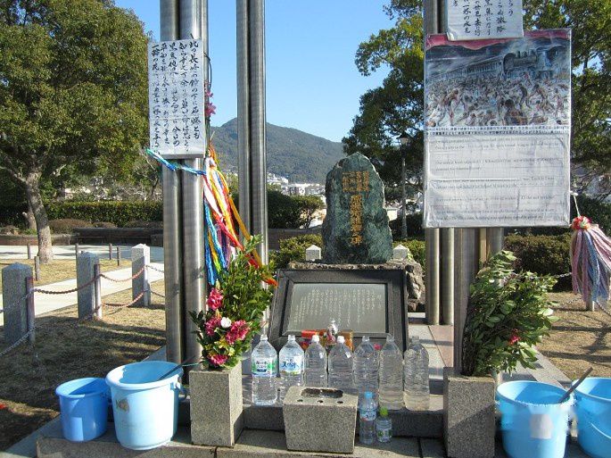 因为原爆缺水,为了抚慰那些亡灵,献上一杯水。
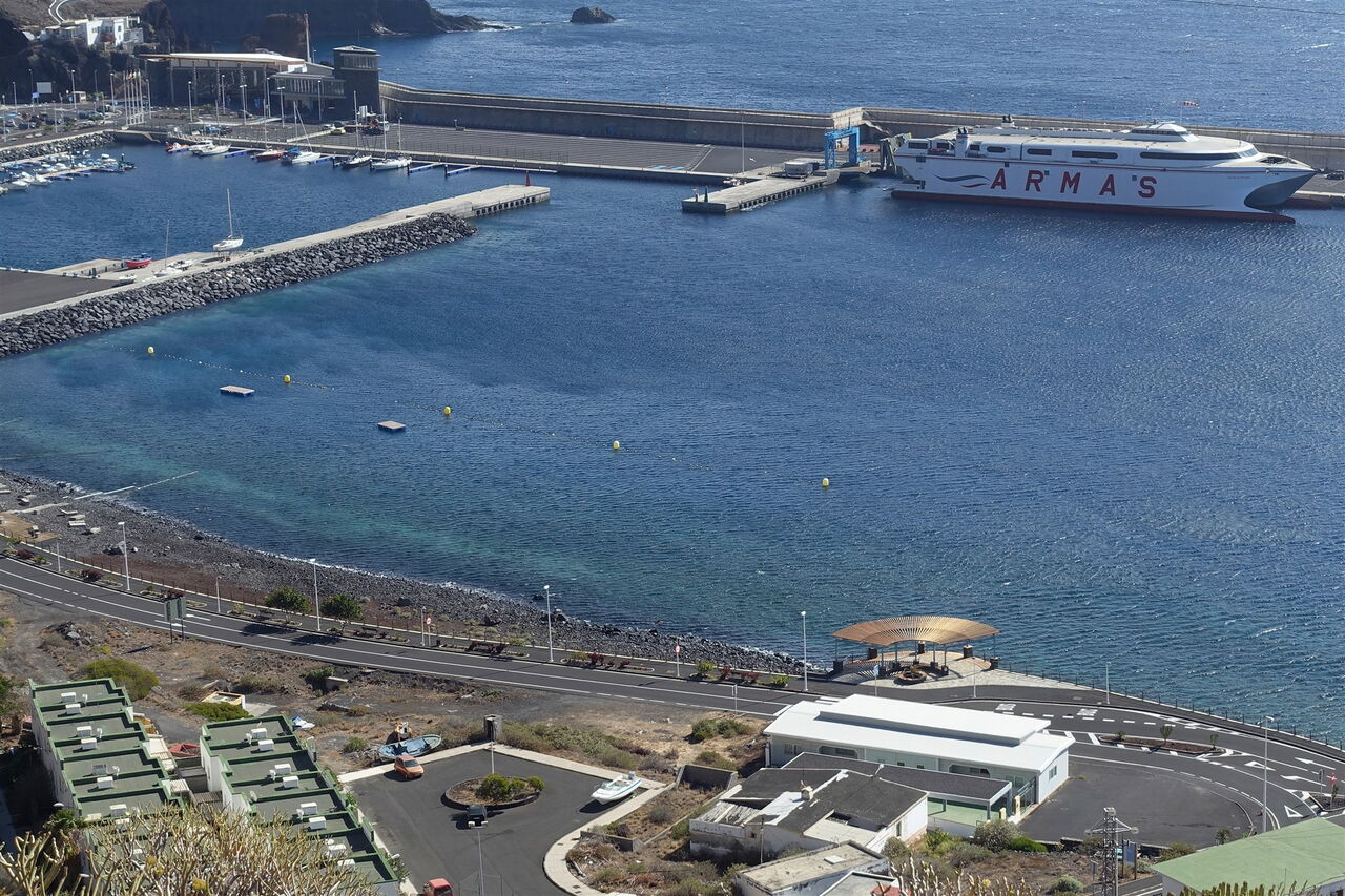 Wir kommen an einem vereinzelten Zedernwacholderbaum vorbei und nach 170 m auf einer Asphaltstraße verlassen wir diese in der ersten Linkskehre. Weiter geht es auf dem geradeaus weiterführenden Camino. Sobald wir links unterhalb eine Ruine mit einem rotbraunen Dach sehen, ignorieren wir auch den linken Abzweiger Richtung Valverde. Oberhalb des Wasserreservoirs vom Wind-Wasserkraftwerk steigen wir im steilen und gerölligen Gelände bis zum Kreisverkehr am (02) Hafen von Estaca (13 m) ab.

---

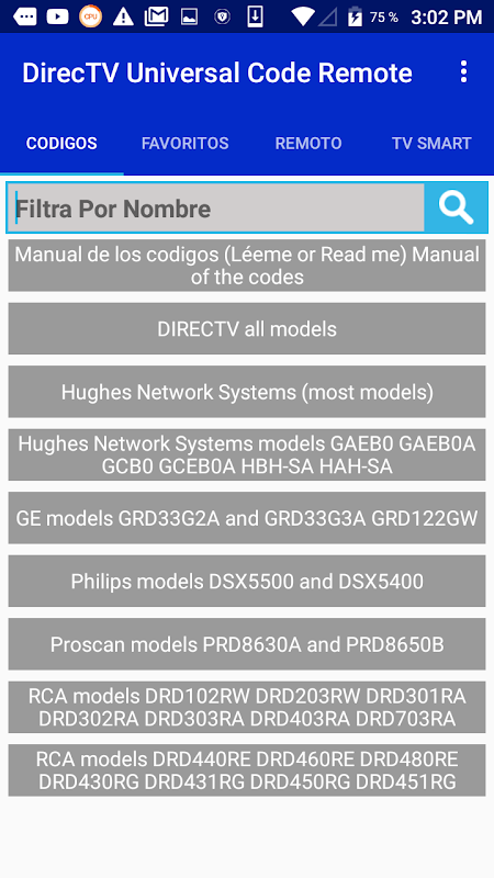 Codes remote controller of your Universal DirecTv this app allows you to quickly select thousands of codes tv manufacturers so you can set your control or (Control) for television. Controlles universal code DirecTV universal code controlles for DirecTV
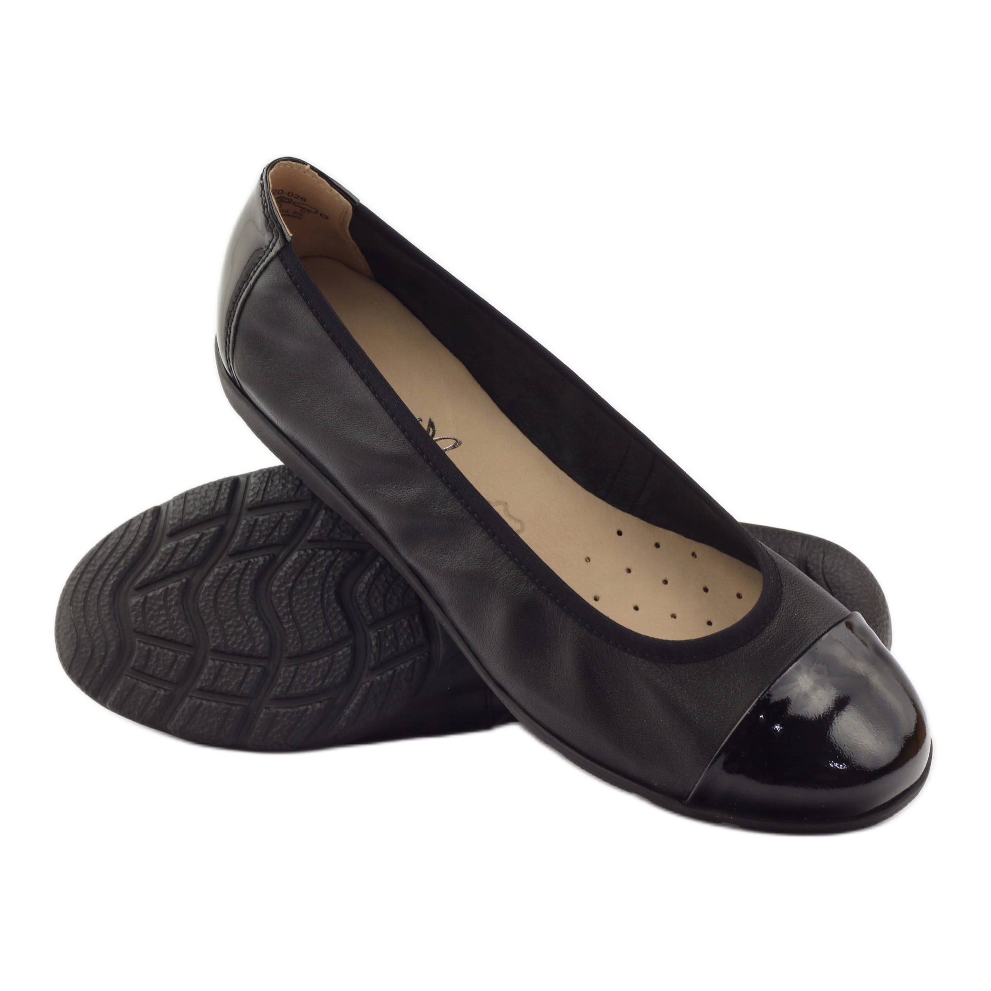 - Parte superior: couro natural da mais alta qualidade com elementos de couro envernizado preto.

Description of the task » From the data above, return exactly the lines from the one with "因为原爆缺水,为了抚慰那些亡灵,献上一杯水。" up to and including the one with "Wir kommen an". Pictures do not go in the copy.

Task response »
 因为原爆缺水,为了抚慰那些亡灵,献上一杯水。
 Wir kommen an einem vereinzelten Zedernwacholderbaum vorbei und nach 170 m auf einer Asphaltstraße verlassen wir diese in der ersten Linkskehre. Weiter geht es auf dem geradeaus weiterführenden Camino. Sobald wir links unterhalb eine Ruine mit einem rotbraunen Dach sehen, ignorieren wir auch den linken Abzweiger Richtung Valverde. Oberhalb des Wasserreservoirs vom Wind-Wasserkraftwerk steigen wir im steilen und gerölligen Gelände bis zum Kreisverkehr am (02) Hafen von Estaca (13 m) ab.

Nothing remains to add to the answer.